BACKGROUND: Diabetic nephropathy is closely related to ferroptosis. Previous studies have found that Huidouba has a significant hypoglycemic effect, protects against diabetic nephropathy-induced renal oxidative stress injury and fibrosis, and also reduces the level of fibrosis in high glucose-induced HK-2 cells.
OBJECTIVE: To investigate the role of Huidouba in regulating glutathione peroxidase 4 (GPX4) to inhibit ferroptosis and attenuate cellular fibrosis in human renal cortical proximal tubular epithelial cells (HK-2) cultured in high glucose conditions.

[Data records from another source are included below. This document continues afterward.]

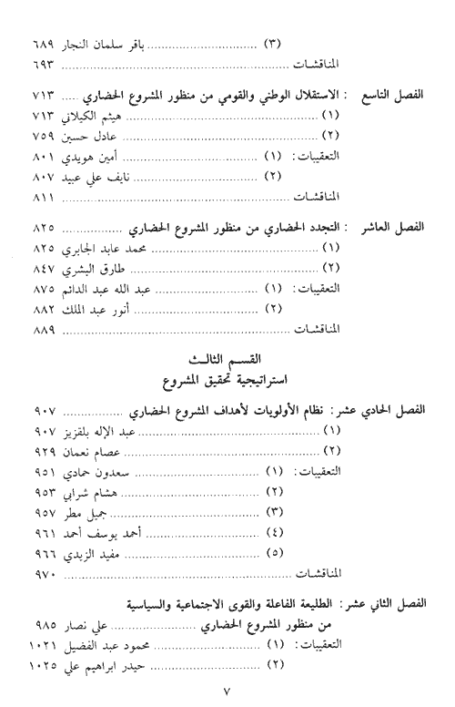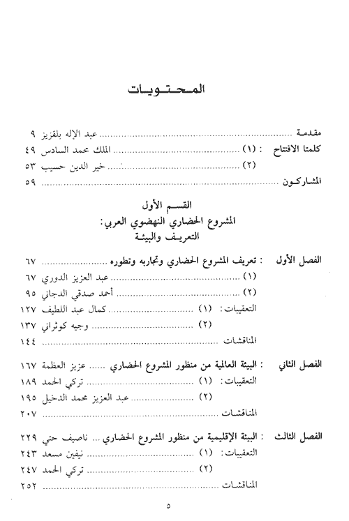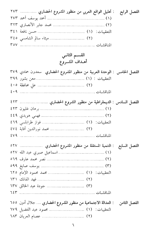 يمثل هذا الكتاب محاولة جادة لإقرار الأسس والعناصر التي يقوم عليها هذا المشروع النهضوي العربي، وهي ستة: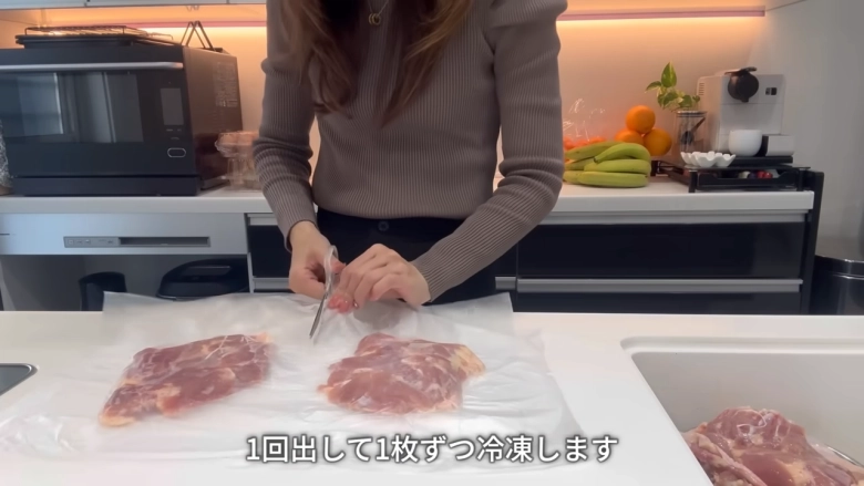 真空パックになっているので、そのまま冷凍保存も可能です。しかし、パックごとに入っている枚数が異なることから、ayaさんは1回出して1枚ずつ冷凍しているそう。食べやすいサイズにカットして、下味をつけてから冷凍するとなお便利♡そのまま加熱するだけで時短でおいしい料理ができます。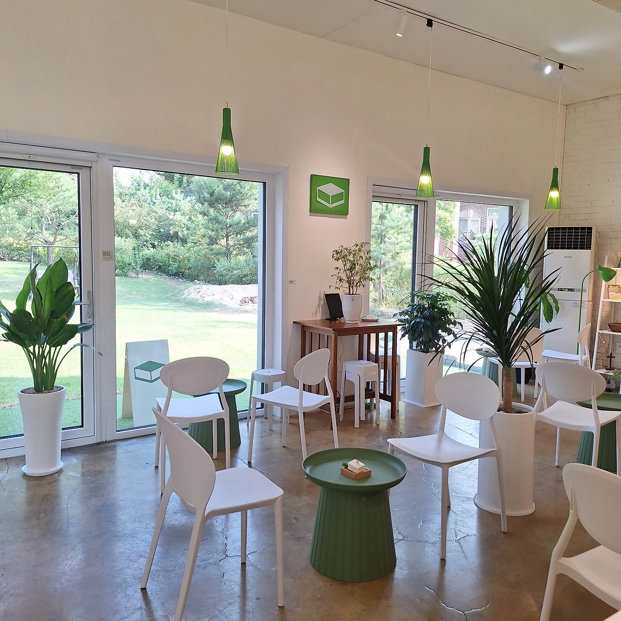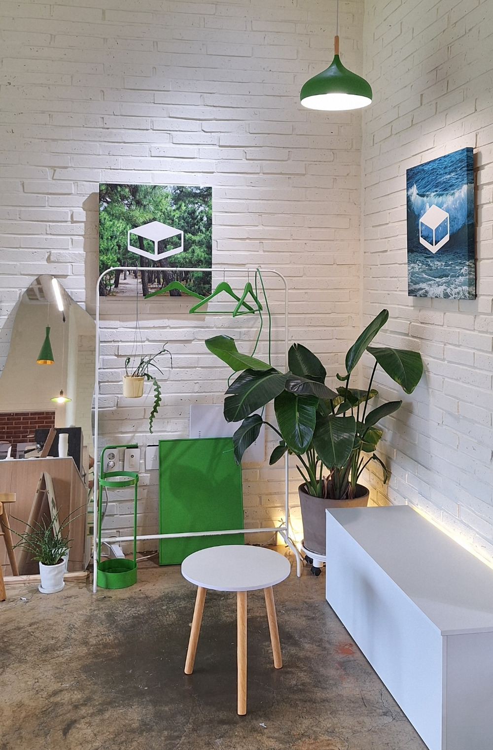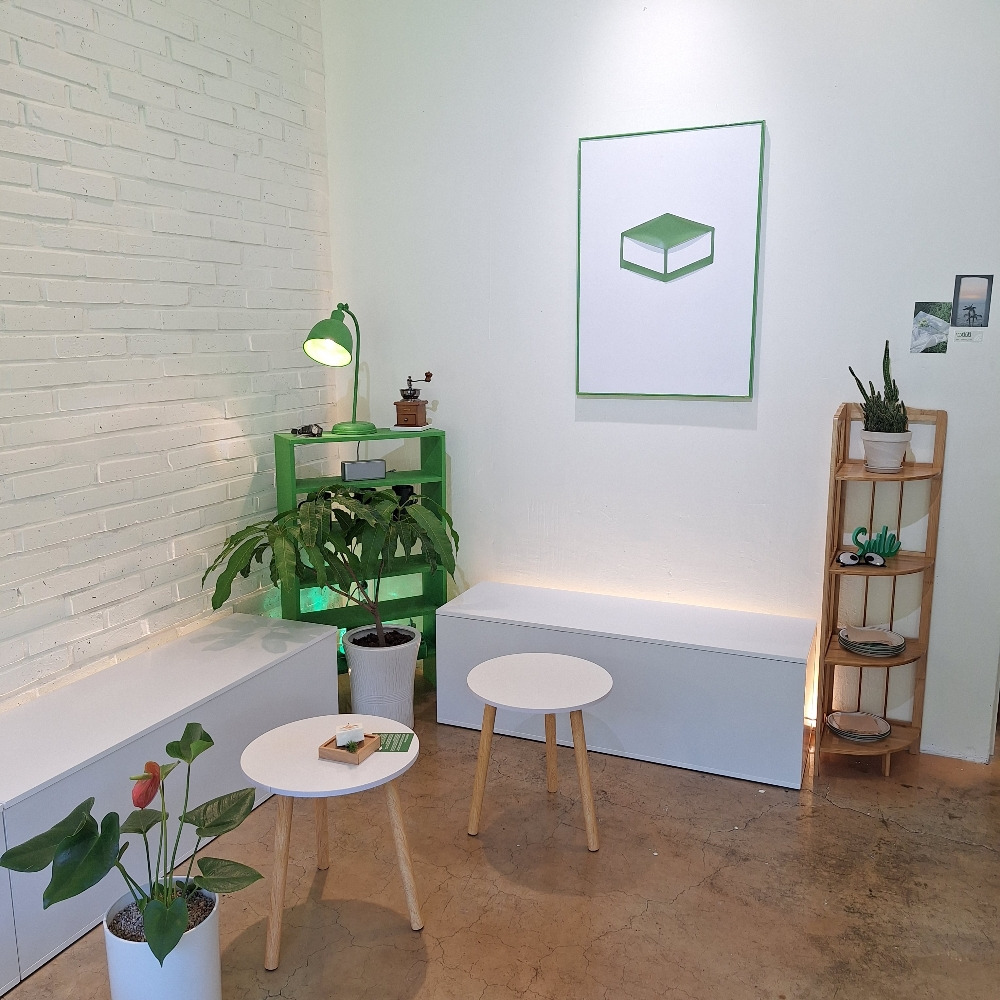 어쨌거나 페인트 시공으로 고생한 덕분에 밝은 느낌을 살리는데 성공! 기존에 있던 가구는 아까웠지만 무료 나눔과 중고거래로 싹 다 처분했다. 소품과 조명등, 테이블 등도 그린톤으로 배치했다. 전체적으로 통일된 색상으로 일관성을 유지했고, 초록초록한 식물들도 곳곳에 배치하여 자연 친화적인 분위기를 연출했다.

METHODS: (1) In order to investigate the interventional effect of Huidouba on ferroptosis and fibrosis in high glucose-cultured HK-2 cells, the cells were divided into six groups: control group, model group, low-, medium-, high-dose Huidouba groups, and rosiglitazone group. The morphology of HK-2 cells was observed. Cell viability, levels of oxidative stress-related indicators (malondialdehyde and glutathione), and protein and mRNA expression levels of ferroptosis-related indicators (GPX4, ferritin heavy chain 1, nuclear factor-E2-associated factor 2, transferrin receptor) and fibrosis-related indicators (transformed growth factor-β1 and kidney injury molecule 1), were detected. (2) To observe the effect of siRNA interfering with GPX4 expression in HK-2 cells, the cells were divided into negative control group and si-GPX4 group. The expression of GPX4 at protein and mRNA levels was detected. (3) In order to observe the effect of siRNA interference with GPX4 on the effect of Huidouba on the inhibition of ferroptosis and mitigation of cellular fibrosis in high glucose-cultured HK-2 cells, the cells were divided into negative control group, high glucose group (treated with 30 mmol/L glucose), high glucose+Huidouba group (treated with 30 mmol/L glucose+400 μg/mL Huidouba water extract), and high glucose+Huidouba+si-GPX4 group (treated with GPX4-siRNA followed by intervention with 30 mmol/L glucose+400 μg/mL Huidouba water extract). The levels of malondialdehyde and glutathione, and the protein and mRNA expression of GPX4, ferritin heavy chain 1, nuclear factor-E2-associated factor 2, transferrin receptor, transformed growth factor-β1, and kidney injury molecule 1 were detected.
RESULTS AND CONCLUSION: (1) Compared with the control group, the cell viability, glutathione level, the protein and mRNA expression of GPX4, ferritin heavy chain 1, and nuclear factor-E2-associated factor 2 were significantly reduced in the model group, while the malondialdehyde level and protein and mRNA expression of transferrin receptor, transformed growth factor-β1, and kidney injury molecule 1 were significantly increased. Compared with the model group, the above indicators were improved to varying degrees in different dose groups of Huidouba and rosiglitazone group. (2) The protein and mRNA expression of GPX4 was significantly lower in the si-GPX4 group compared with the negative control group. Compared with the high glucose+Huidouba group, the glutathione level, the protein and mRNA expression of GPX4, ferritin heavy chain 1, and nuclear factor-E2-associated factor 2 were significantly reduced in the high glucose+Huidouba+si-GPX4 group, while the malondialdehyde level and protein and mRNA expression of transferrin receptor, transformed growth factor-β1, and kidney injury molecule 1 were significantly increased. To conclude, Huidouba attenuates cell fibrosis by inhibiting ferroptosis in high glucose-cultured HK-2 cells through the upregulation of GPX4.